PROVIDED MATERIAL
____________________

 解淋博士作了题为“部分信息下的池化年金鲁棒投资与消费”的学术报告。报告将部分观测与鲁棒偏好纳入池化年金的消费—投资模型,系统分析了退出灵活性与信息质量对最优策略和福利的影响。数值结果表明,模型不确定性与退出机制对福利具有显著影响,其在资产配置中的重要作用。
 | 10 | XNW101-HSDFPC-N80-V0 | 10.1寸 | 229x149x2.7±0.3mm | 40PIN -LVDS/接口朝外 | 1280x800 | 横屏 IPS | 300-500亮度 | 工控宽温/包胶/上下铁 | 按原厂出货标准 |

____________________

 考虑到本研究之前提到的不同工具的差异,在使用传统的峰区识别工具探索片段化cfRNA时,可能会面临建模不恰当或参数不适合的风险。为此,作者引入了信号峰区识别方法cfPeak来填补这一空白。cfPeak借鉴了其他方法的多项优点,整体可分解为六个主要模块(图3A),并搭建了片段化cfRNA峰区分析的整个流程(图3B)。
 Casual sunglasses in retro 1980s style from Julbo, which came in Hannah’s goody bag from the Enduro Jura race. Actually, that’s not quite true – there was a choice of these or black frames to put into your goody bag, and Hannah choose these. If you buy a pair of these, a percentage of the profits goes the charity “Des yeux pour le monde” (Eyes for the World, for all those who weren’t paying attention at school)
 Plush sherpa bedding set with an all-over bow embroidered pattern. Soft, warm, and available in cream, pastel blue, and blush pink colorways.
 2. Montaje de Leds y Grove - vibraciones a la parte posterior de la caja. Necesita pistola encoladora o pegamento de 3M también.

____________________

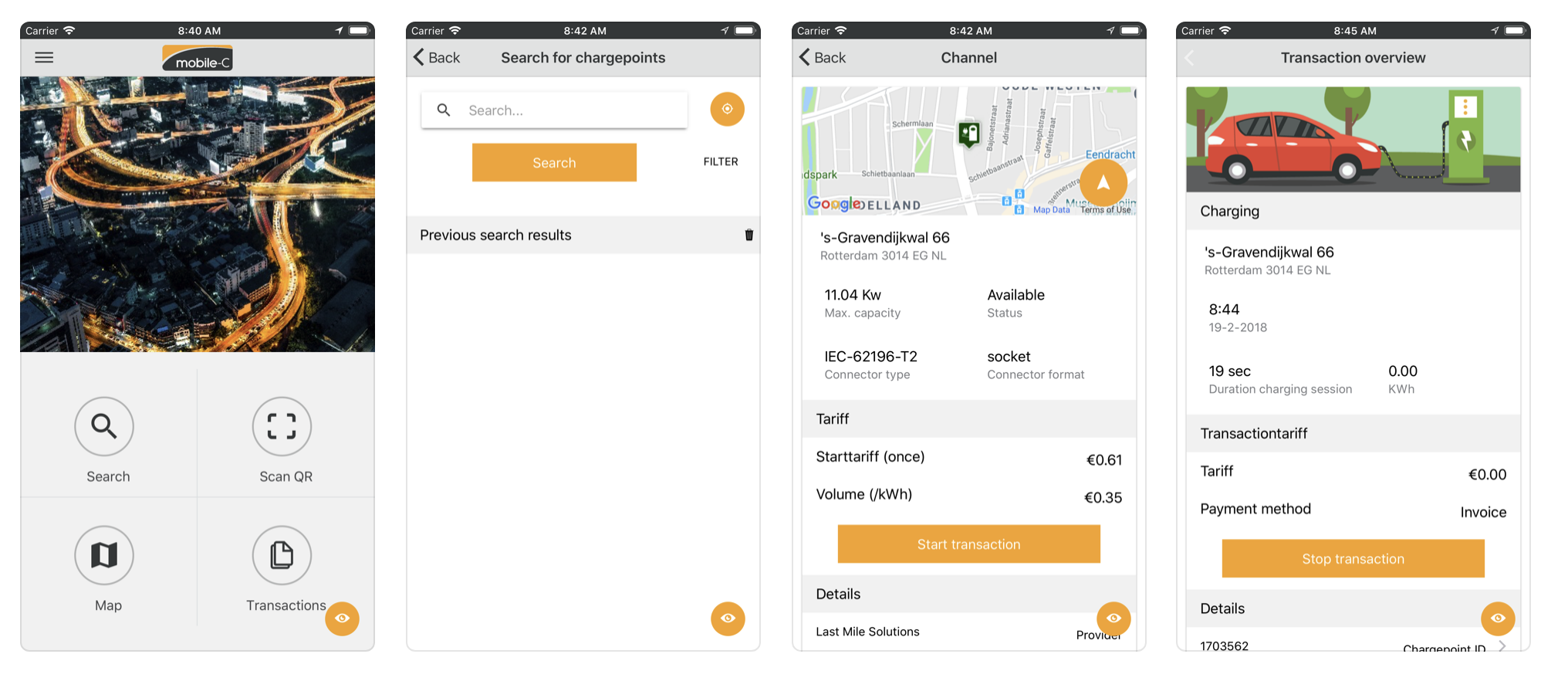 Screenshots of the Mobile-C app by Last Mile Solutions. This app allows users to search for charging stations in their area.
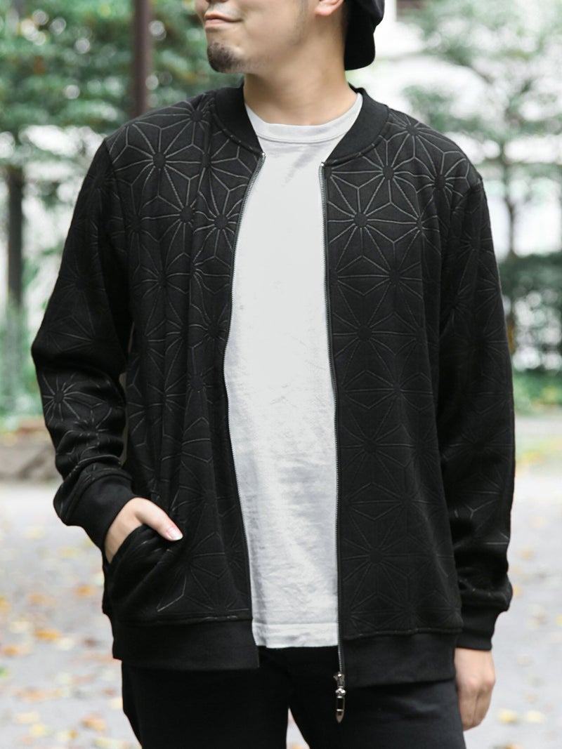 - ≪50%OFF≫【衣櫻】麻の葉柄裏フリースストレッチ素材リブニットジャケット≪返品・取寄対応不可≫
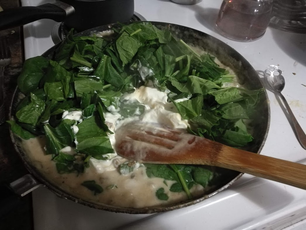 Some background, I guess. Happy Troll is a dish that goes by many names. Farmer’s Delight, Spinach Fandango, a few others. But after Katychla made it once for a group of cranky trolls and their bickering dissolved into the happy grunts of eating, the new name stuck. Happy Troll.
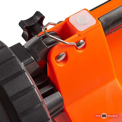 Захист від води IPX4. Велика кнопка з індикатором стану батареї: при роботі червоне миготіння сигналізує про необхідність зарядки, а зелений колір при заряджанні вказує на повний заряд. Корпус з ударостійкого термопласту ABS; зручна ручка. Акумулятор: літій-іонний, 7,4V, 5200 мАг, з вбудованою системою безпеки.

____________________

PROMPT
After locating the line with "Plush sherpa bedding" in the material above, return it and each line after it exactly, ending at the line with "2. Montaje de".

ANSWER FOR THIS EXERCISE
 Plush sherpa bedding set with an all-over bow embroidered pattern. Soft, warm, and available in cream, pastel blue, and blush pink colorways.
 2. Montaje de Leds y Grove - vibraciones a la parte posterior de la caja. Necesita pistola encoladora o pegamento de 3M también.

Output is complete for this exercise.